The answer is simple and can be traced back to the historical influences of the Judeo-Christian and Byzantine traditions. Octopus, along with other types of seafood, does not contain blood. Consuming meat that contains blood has long been considered taboo within Jewish dietary practices. Christians, on the other hand, adopted similar food prohibitions at a later stage, specifically through the 58th Neara (imperial law) issued by Emperor Leo VI in the Byzantine Empire. As a result, even today, when observing fasting periods, individuals tend to abstain from consuming foods that have blood, including fish.

During Lent, the Church permits the consumption of fish on two specific occasions: the day of the Annunciation of the Virgin Mary (March 25) and Palm Sunday. The tradition of eating cod, particularly on March 25, has practical roots. Except for the islands, where fresh fish was always accessible, salted cod served as a convenient choice during those times. It was readily available and didn't require refrigeration, thus establishing itself as a significant part of our dietary customs in Greece.

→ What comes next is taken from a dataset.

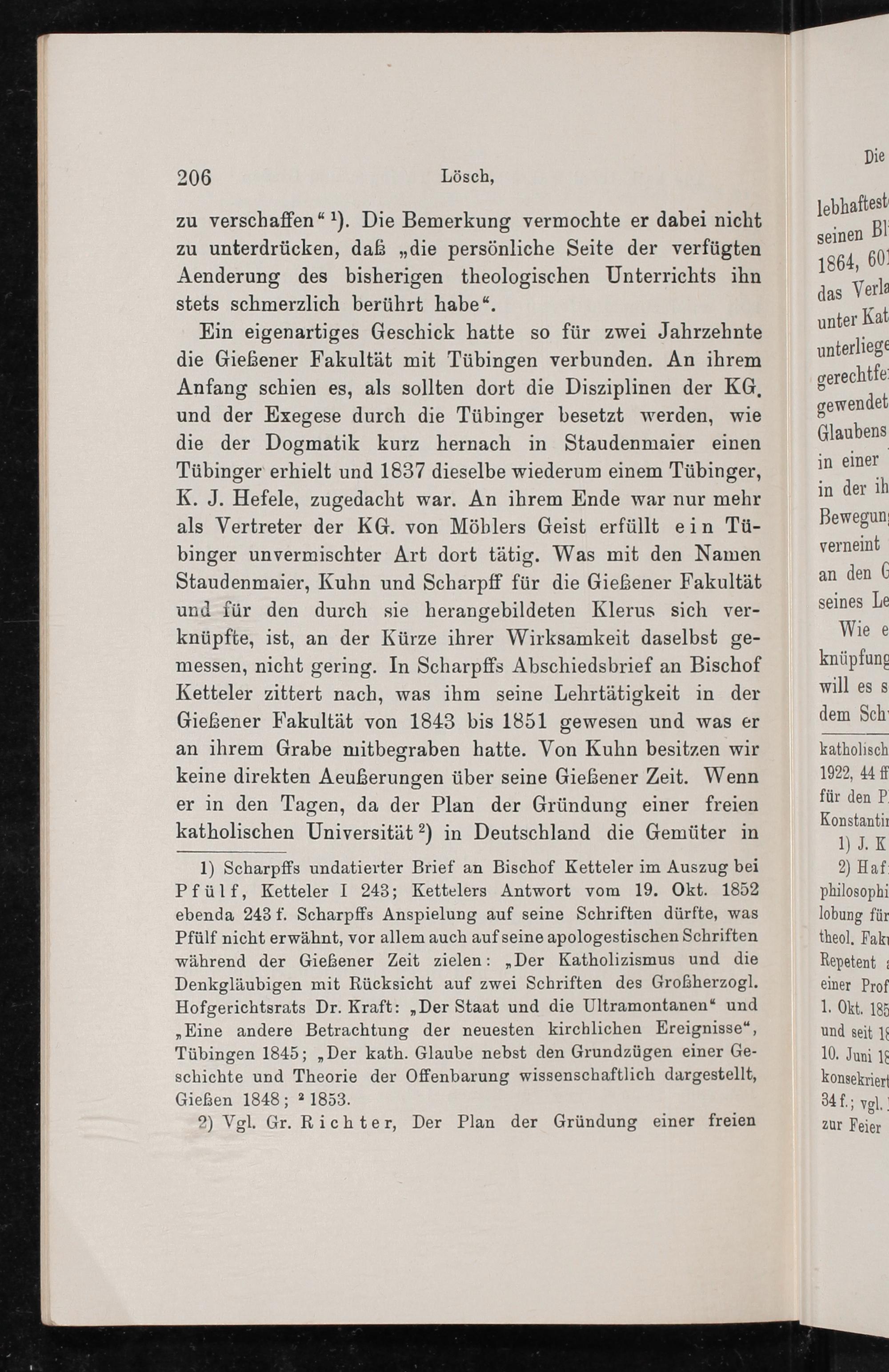 Ein eigenartiges Geschick hatte so für zwei Jahrzehnte die Gießener Fakultät mit Tübingen verbunden. An ihrem Anfang schien es, als sollten dort die Disziplinen der KG. und der Exegese durch die Tübinger besetzt werden, wie die der Dogmatik kurz hernach in Staudenmaier einen Tübinger erhielt und 1837 dieselbe wiederum einem Tübinger, K. J. Hefele, zugedacht war. An ihrem Ende war nur mehr als Vertreter der KG. von Möblers Geist erfüllt ein Tü- binger unvermischter Art dort tätig. Was mit den Namen Staudenmaier, Kuhn und Scharpff für die Gießener Fakultät und für den durch sie herangebildeten Klerus sich ver- knüpfte, ist, an der Kürze ihrer Wirksamkeit daselbst ge- messen, nicht gering. In Scharpffs Abschiedsbrief an Bischof Ketteler zittert nach, was ihm seine Lehrtätigkeit in der Gießener Fakultät von 1843 bis 1851 gewesen und was er an ihrem Grabe mitbegraben hatte. Von Kuhn besitzen wir keine direkten Aeußerungen über seine Gießener Zeit. Wenn er in den Tagen, da der Plan der Gründung einer freien katholischen Universität ²) in Deutschland die Gemüter in

The protagonists of the Greek Lenten table.

In earlier times, individuals who ventured into the ocean or possessed fishing equipment could easily acquire a variety of seafood, which served as a notable food source rich in protein. Considering the vital role of protein in sustaining the human body, particularly during extended periods of fasting, seafood naturally became a fundamental component of fasting meals. Therefore, it is not surprising that the wise Fathers of the Church, when establishing fasting periods, included shrimp, shellfish, crustaceans, calamari and octopus as permissible options for consumption.